27 Oct 2008
Mexican cartels dominate the Americas
As the most powerful drug trafficking force in the region, Mexican organized crime has spread far beyond the country in search of supplies for drugs to meet US demand, Sam Logan writes for ISN Security Watch.
By Samuel Logan for ISN Security Watch
Assassinations related to drug trafficking in Mexico are on pace to pass 4,000 this year.

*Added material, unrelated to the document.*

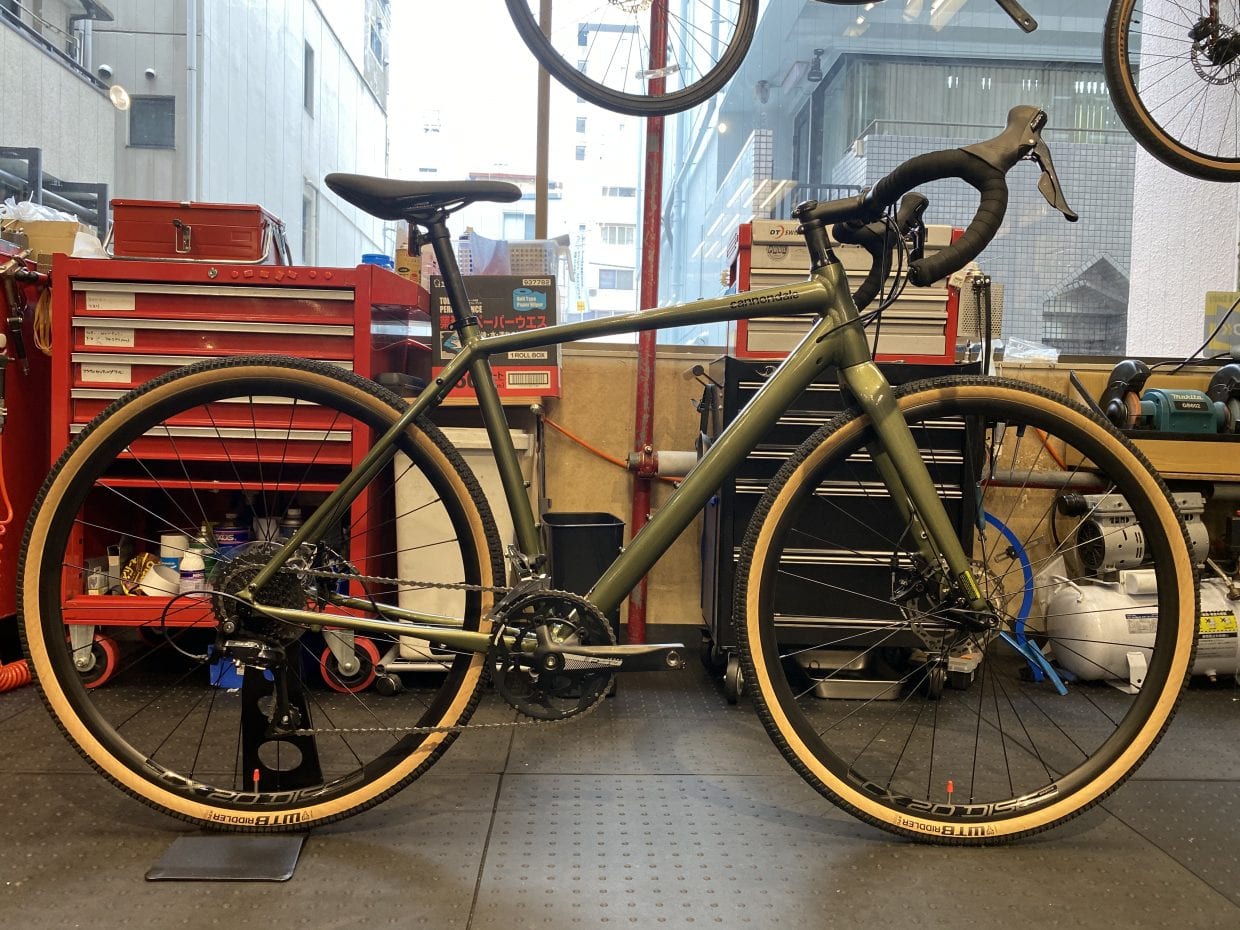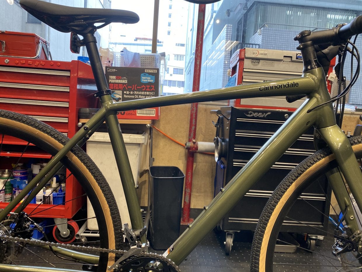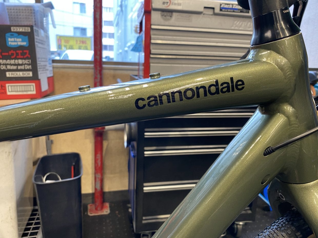 CannondaleはTrek、SPECIALIZEDと並ぶアメリカ3大メーカーのひとつ。TOPSTONEはCannondaleの一般向けグラベルロードです。TOPSTONEにはコンポーネントの仕様によりカーボン105、アルミ105、アルミSORAの3種類があり、こちらはSORA仕様となります。

By any count, violence in Mexico is at historical highs, and it is bad for business. Since the end of 2007, when Mexican President Felipe Calderon increased government pressure on organized crime, both the Sinaloa and the Gulf cartels have reached beyond Mexican boundaries to source supplies, secure trafficking routes and kill rivals.
Heavy pressure on Colombian drug-trafficking organizations (DTOs) opened the door for Mexicans to control a greater share of the cocaine supply chain. They now control cocaine routes out of Colombia from Andean ports to wholesale points well inside the United States. But pressure on supply routes and other areas of operation inside Mexico has forced these DTOs abroad. Guatemala, Peru and Argentina are a natural fit - corruption thrives and there is little to no government presence on borders and in many pockets of the country.

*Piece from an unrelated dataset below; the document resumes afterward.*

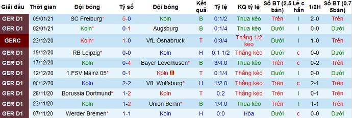 + Thống kê 10 trận gần nhất của Köln

As Mexican criminals reach beyond their country to expand control over various drug-trafficking routes in the Americas, they bring a decades old violent brand of business - money or a bullet. Honor and pride push them further to kill anyone who cheats or betrays. Beyond the blood is a trail of dirty money that further corrupts, where Mexican DTOs have been linked to the electoral campaign of President Cristina Fernandez de Kirchner in Argentina.
"Mexican drug traffickers go into locations where there are no laws or regulations," Michael Sanders, spokesman for the Drug Enforcement Administration in Washington DC, told ISN Security Watch.

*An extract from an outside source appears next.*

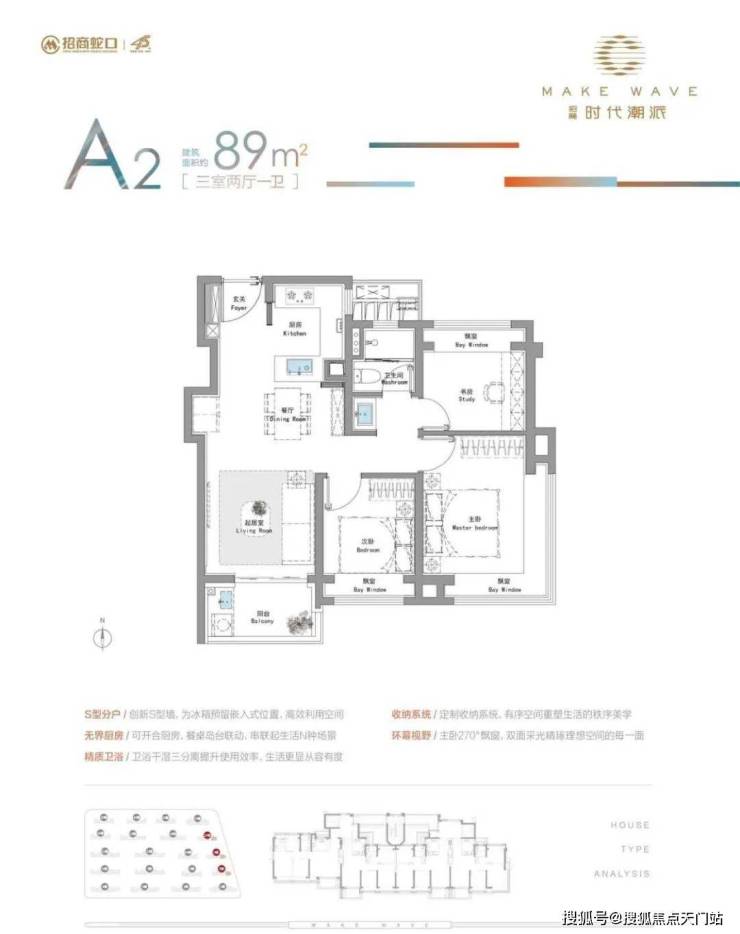 建面约89㎡3房户型:东边套主卧配置约270°双向采光飘窗、S墙设计,主力总价仅约450万级,首付约90万起!

With billions of dollars to spend, little serious competition and a de facto presence in a number of countries, it is not a far stretch to consider that Central and South America have already become their domain.
The release valve
Pressure in Mexico has forced DTOs there into Guatemala, a neighboring Central American country that serves as a release valve, where they operate alternative supply routes with little trouble from the local government.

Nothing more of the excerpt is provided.